TASK TO CARRY OUT
The copy you give must match the lines from the top of the data through the line containing "Im offen gestalteten" exactly, and it must hold no pictures.

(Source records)
::::::::::

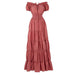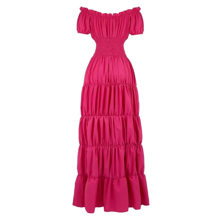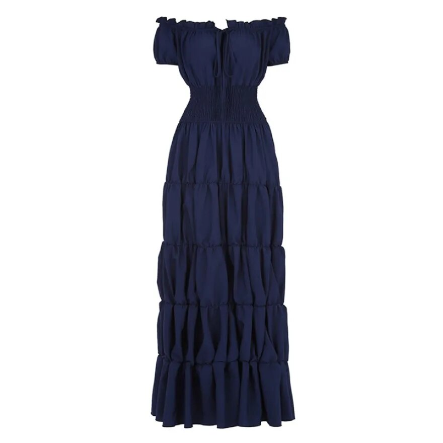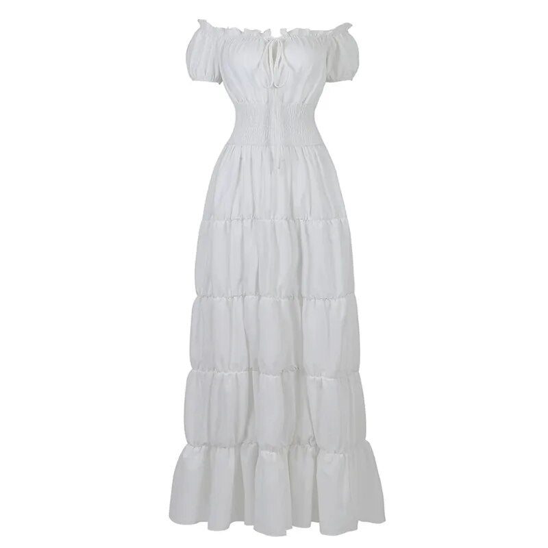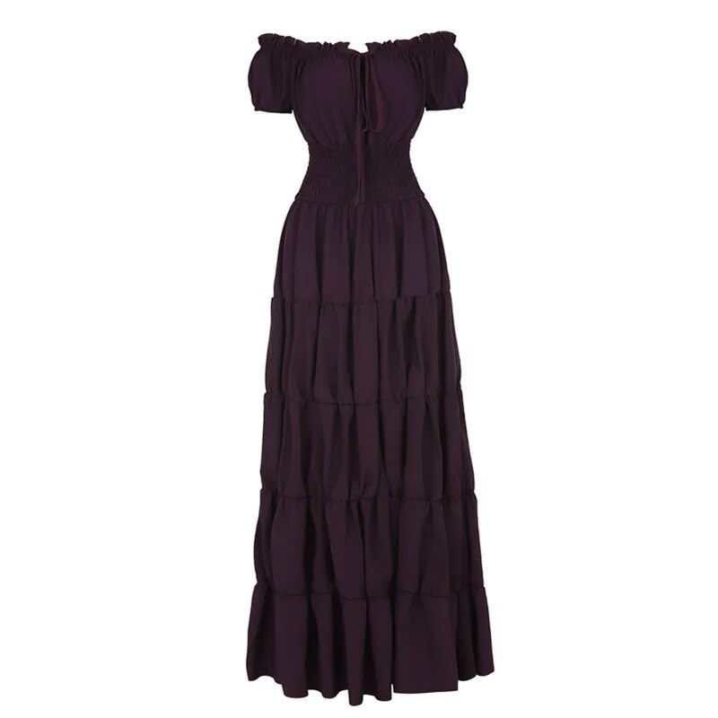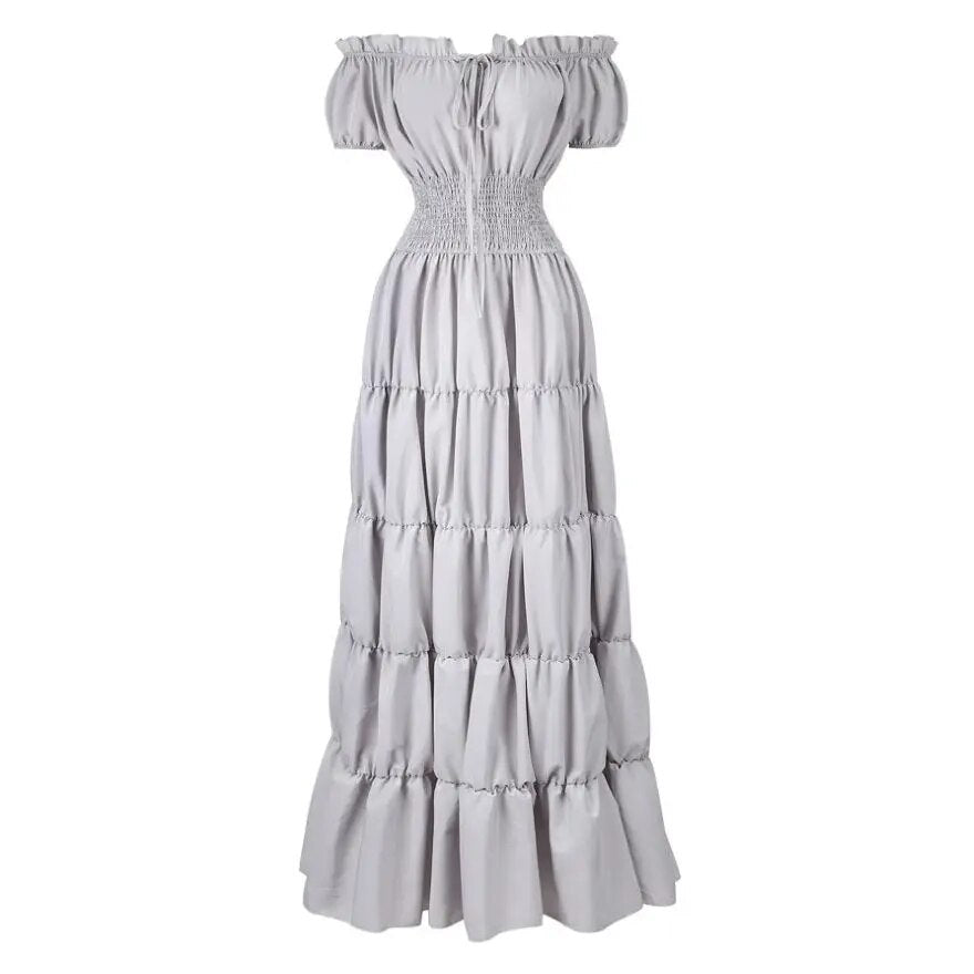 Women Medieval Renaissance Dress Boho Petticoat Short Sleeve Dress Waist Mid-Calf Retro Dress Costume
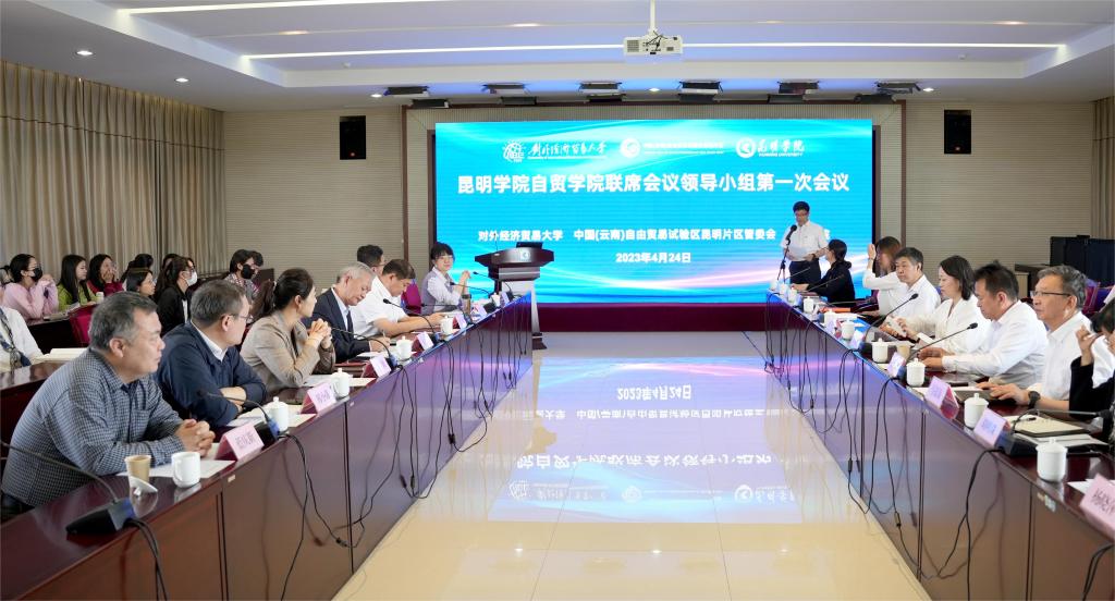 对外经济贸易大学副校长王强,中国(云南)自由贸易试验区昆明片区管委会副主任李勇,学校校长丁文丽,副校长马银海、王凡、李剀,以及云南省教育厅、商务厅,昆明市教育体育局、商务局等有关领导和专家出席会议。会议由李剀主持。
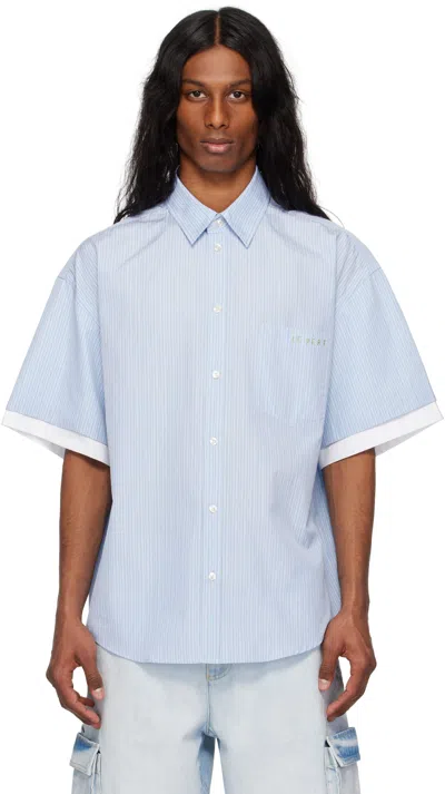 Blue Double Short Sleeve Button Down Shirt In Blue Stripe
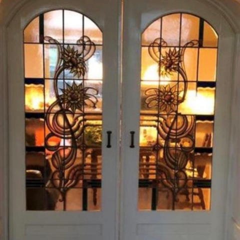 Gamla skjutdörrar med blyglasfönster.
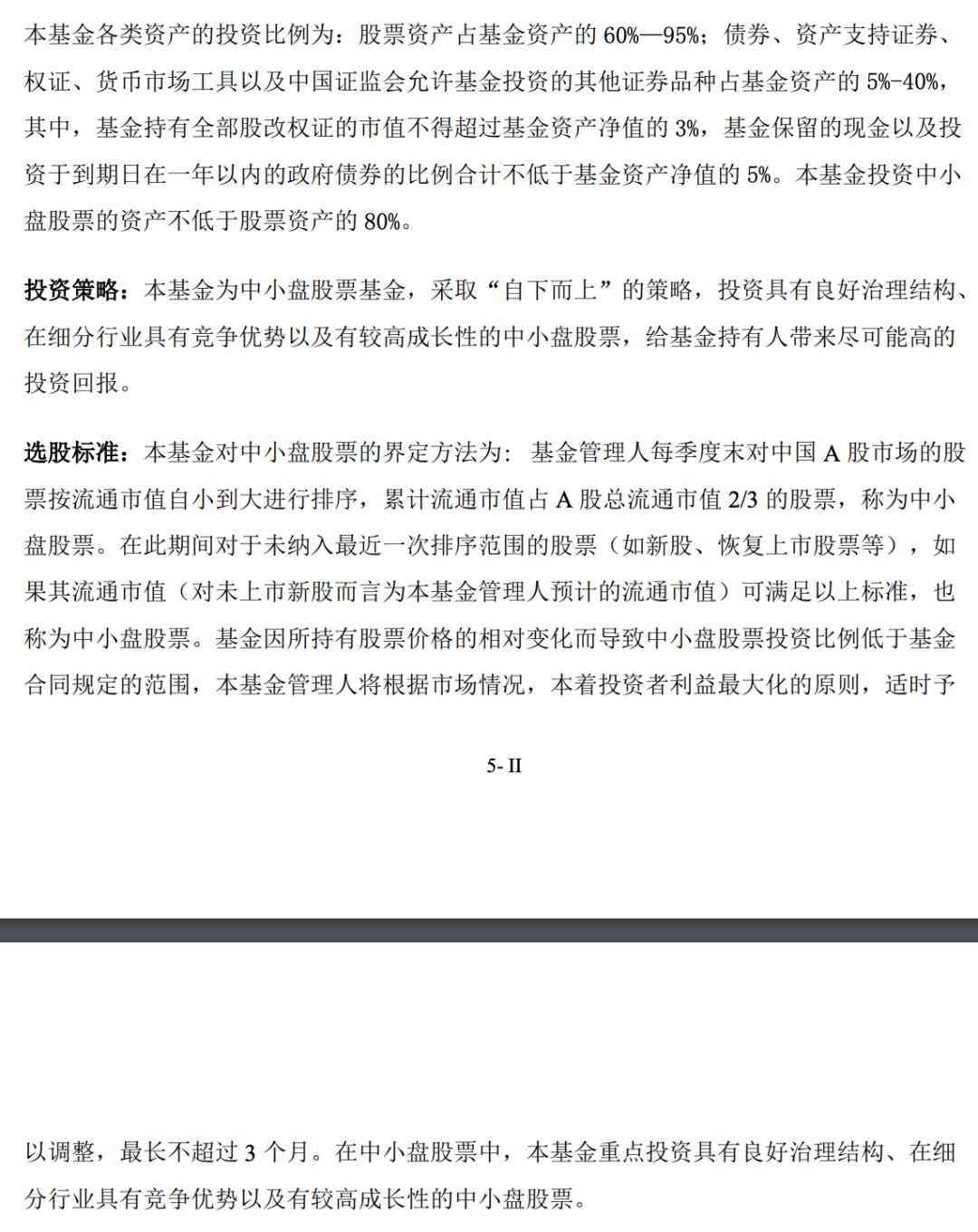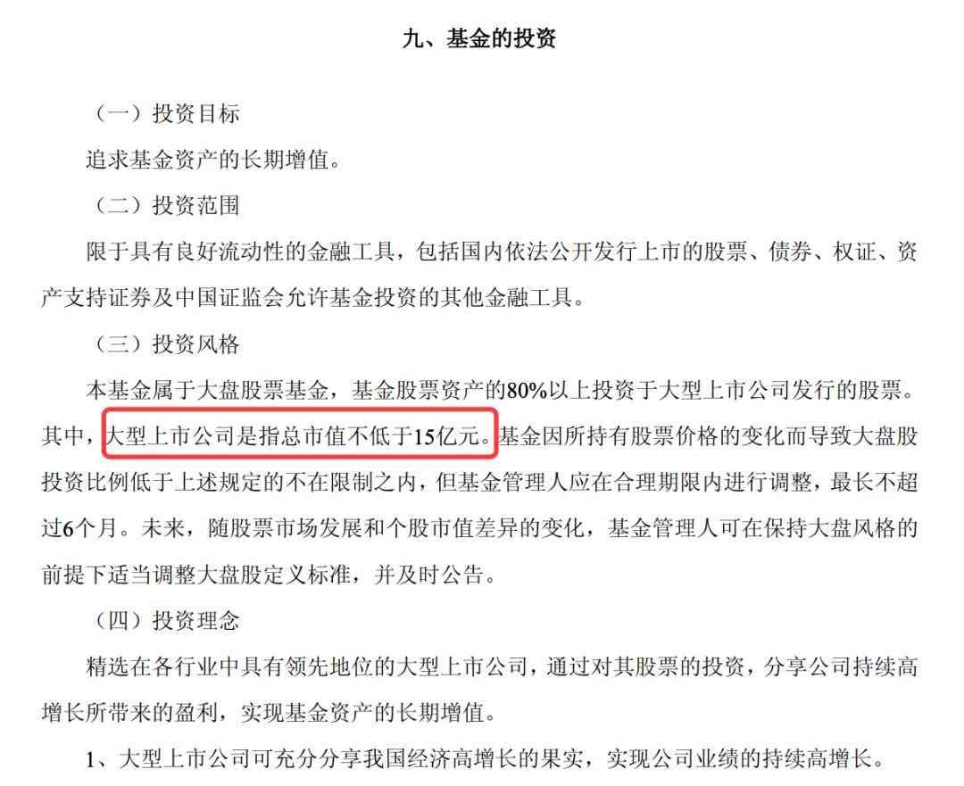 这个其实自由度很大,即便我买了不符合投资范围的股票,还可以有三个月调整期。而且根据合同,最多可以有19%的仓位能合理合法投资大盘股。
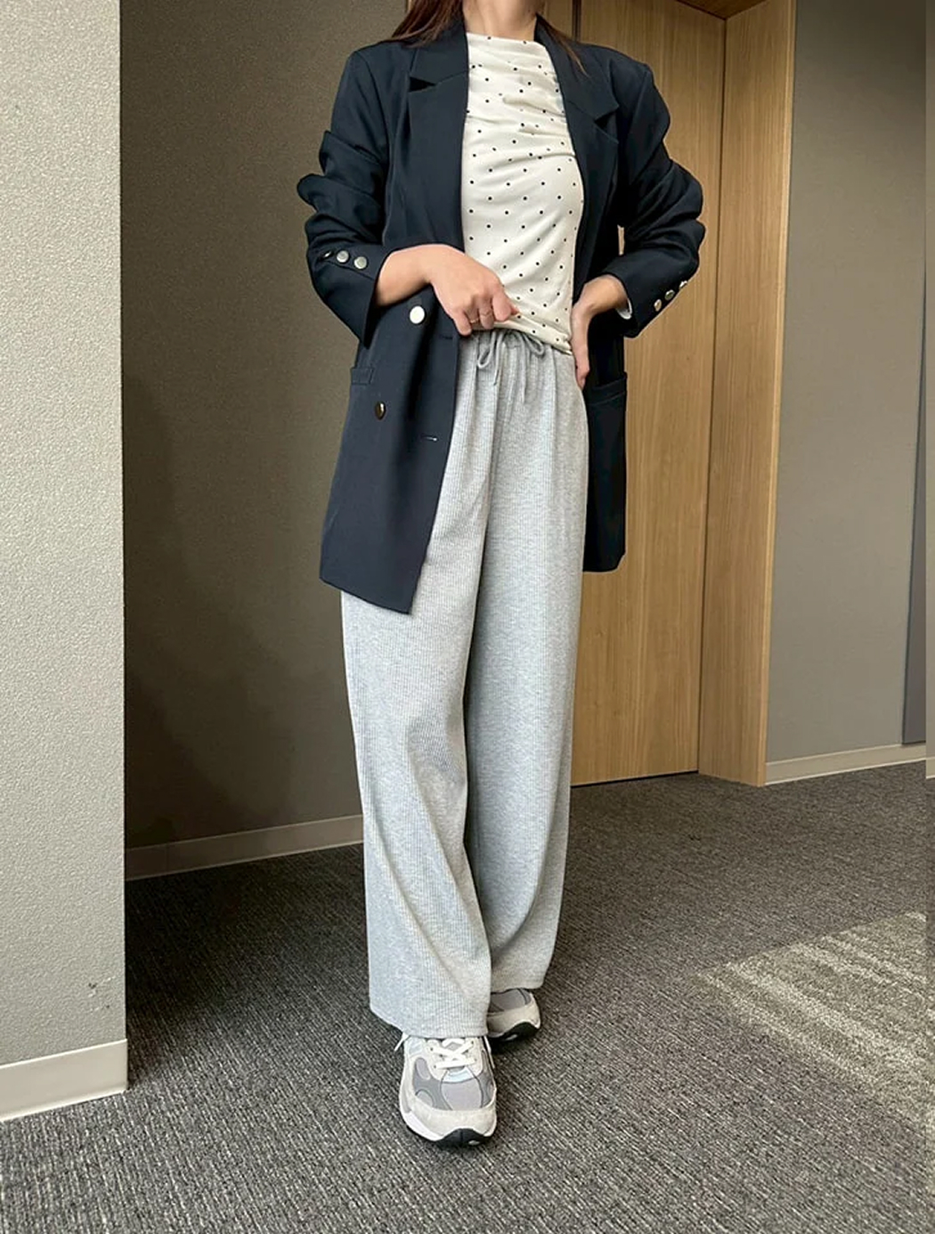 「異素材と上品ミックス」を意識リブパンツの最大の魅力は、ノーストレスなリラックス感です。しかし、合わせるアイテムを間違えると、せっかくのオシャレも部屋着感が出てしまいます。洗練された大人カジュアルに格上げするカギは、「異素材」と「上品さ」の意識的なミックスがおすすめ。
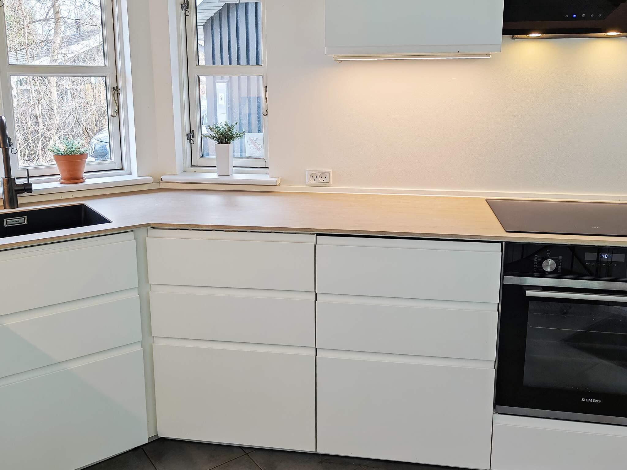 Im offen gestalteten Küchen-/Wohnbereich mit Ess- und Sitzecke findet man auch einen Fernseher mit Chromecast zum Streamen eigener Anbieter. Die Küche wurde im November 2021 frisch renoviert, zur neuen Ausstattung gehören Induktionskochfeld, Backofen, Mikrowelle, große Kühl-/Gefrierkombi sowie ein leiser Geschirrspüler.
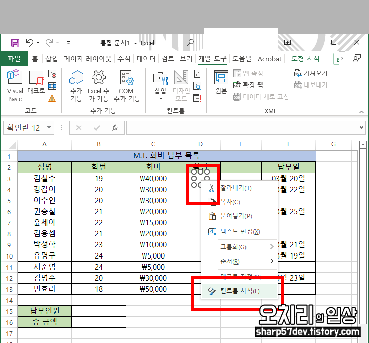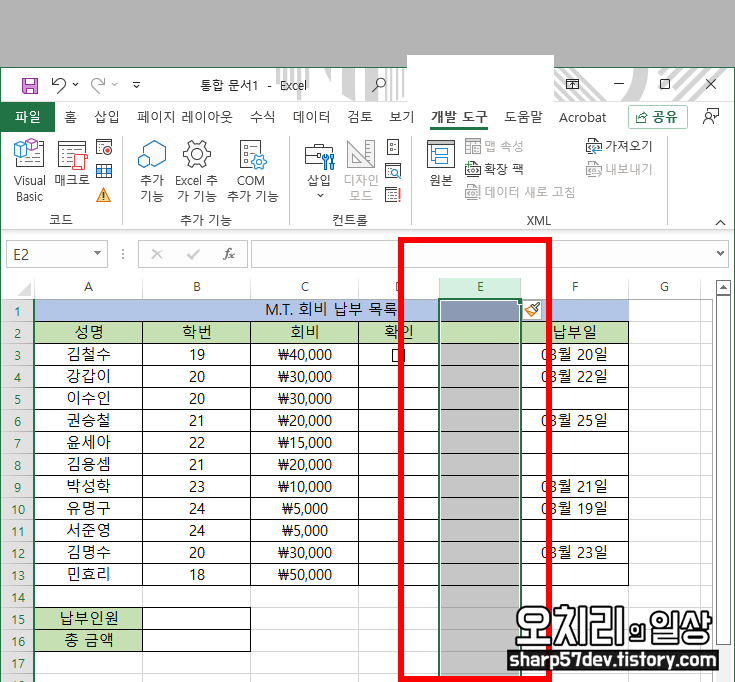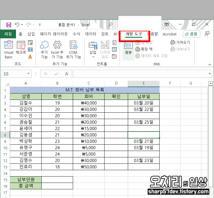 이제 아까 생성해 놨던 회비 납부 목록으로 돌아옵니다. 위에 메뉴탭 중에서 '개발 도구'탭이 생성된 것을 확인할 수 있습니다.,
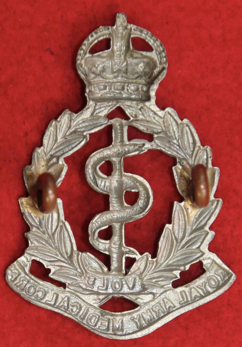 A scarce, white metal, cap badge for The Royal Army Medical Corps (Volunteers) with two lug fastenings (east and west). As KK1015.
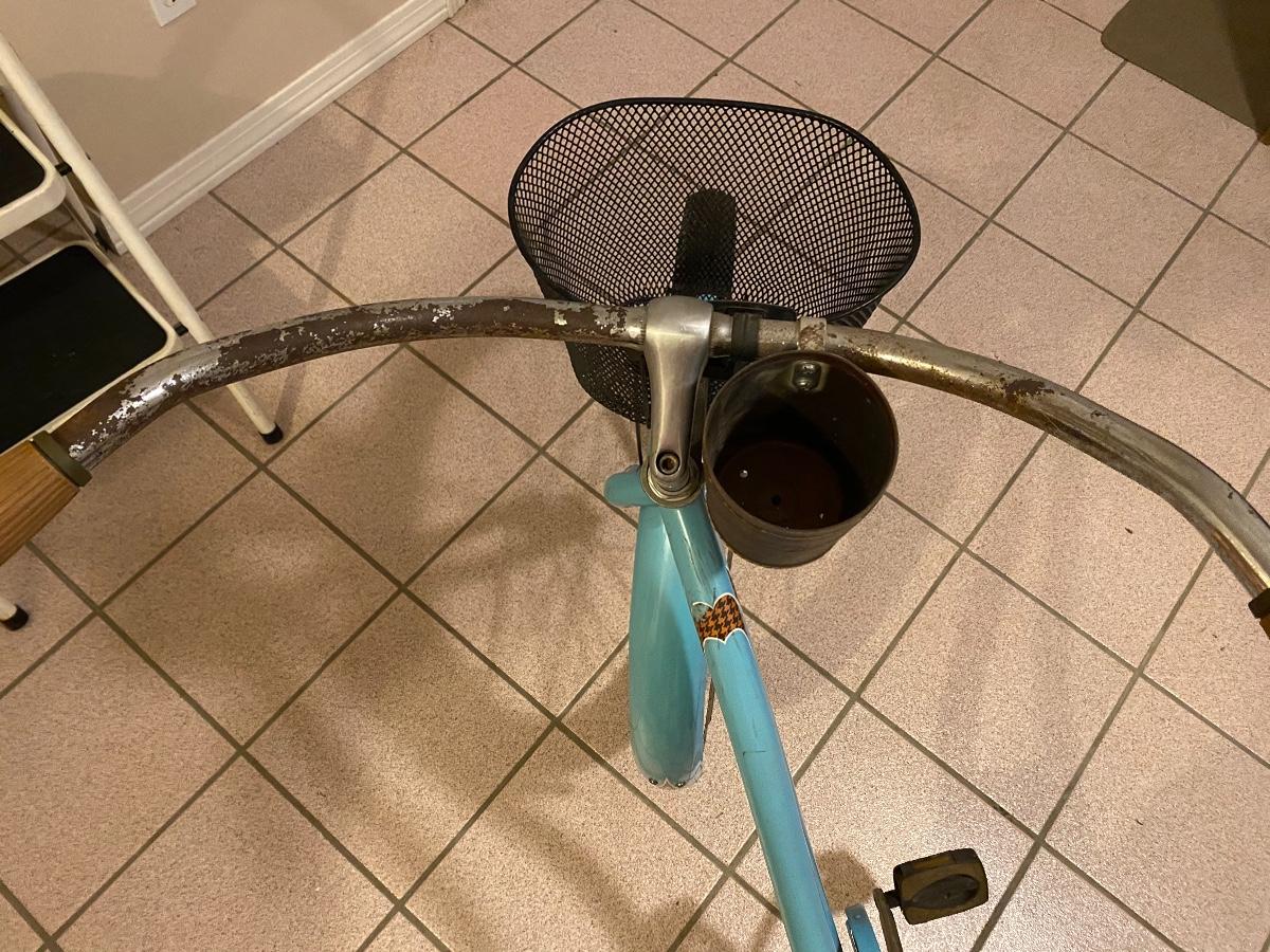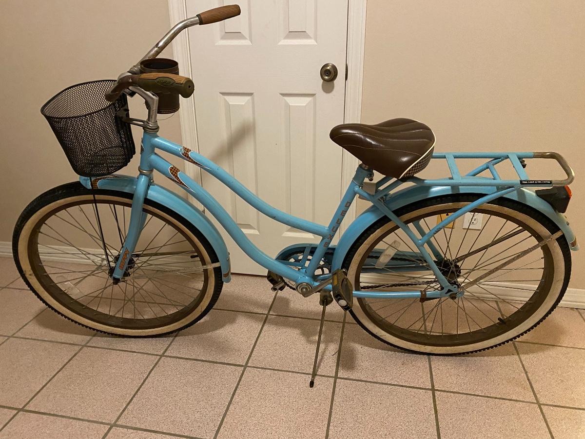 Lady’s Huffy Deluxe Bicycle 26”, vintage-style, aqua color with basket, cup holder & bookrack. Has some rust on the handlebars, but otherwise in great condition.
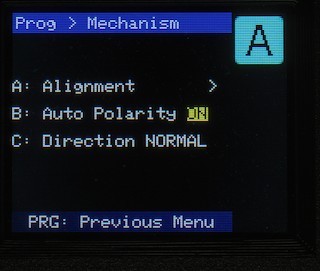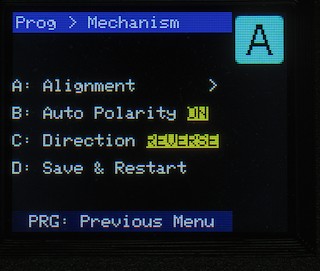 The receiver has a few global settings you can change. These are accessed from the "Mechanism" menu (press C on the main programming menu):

::::::::::

SOLUTION TO THIS PROBLEM
 Women Medieval Renaissance Dress Boho Petticoat Short Sleeve Dress Waist Mid-Calf Retro Dress Costume
 对外经济贸易大学副校长王强,中国(云南)自由贸易试验区昆明片区管委会副主任李勇,学校校长丁文丽,副校长马银海、王凡、李剀,以及云南省教育厅、商务厅,昆明市教育体育局、商务局等有关领导和专家出席会议。会议由李剀主持。
 Blue Double Short Sleeve Button Down Shirt In Blue Stripe
 Gamla skjutdörrar med blyglasfönster.
 这个其实自由度很大,即便我买了不符合投资范围的股票,还可以有三个月调整期。而且根据合同,最多可以有19%的仓位能合理合法投资大盘股。
 「異素材と上品ミックス」を意識リブパンツの最大の魅力は、ノーストレスなリラックス感です。しかし、合わせるアイテムを間違えると、せっかくのオシャレも部屋着感が出てしまいます。洗練された大人カジュアルに格上げするカギは、「異素材」と「上品さ」の意識的なミックスがおすすめ。
 Im offen gestalteten Küchen-/Wohnbereich mit Ess- und Sitzecke findet man auch einen Fernseher mit Chromecast zum Streamen eigener Anbieter. Die Küche wurde im November 2021 frisch renoviert, zur neuen Ausstattung gehören Induktionskochfeld, Backofen, Mikrowelle, große Kühl-/Gefrierkombi sowie ein leiser Geschirrspüler.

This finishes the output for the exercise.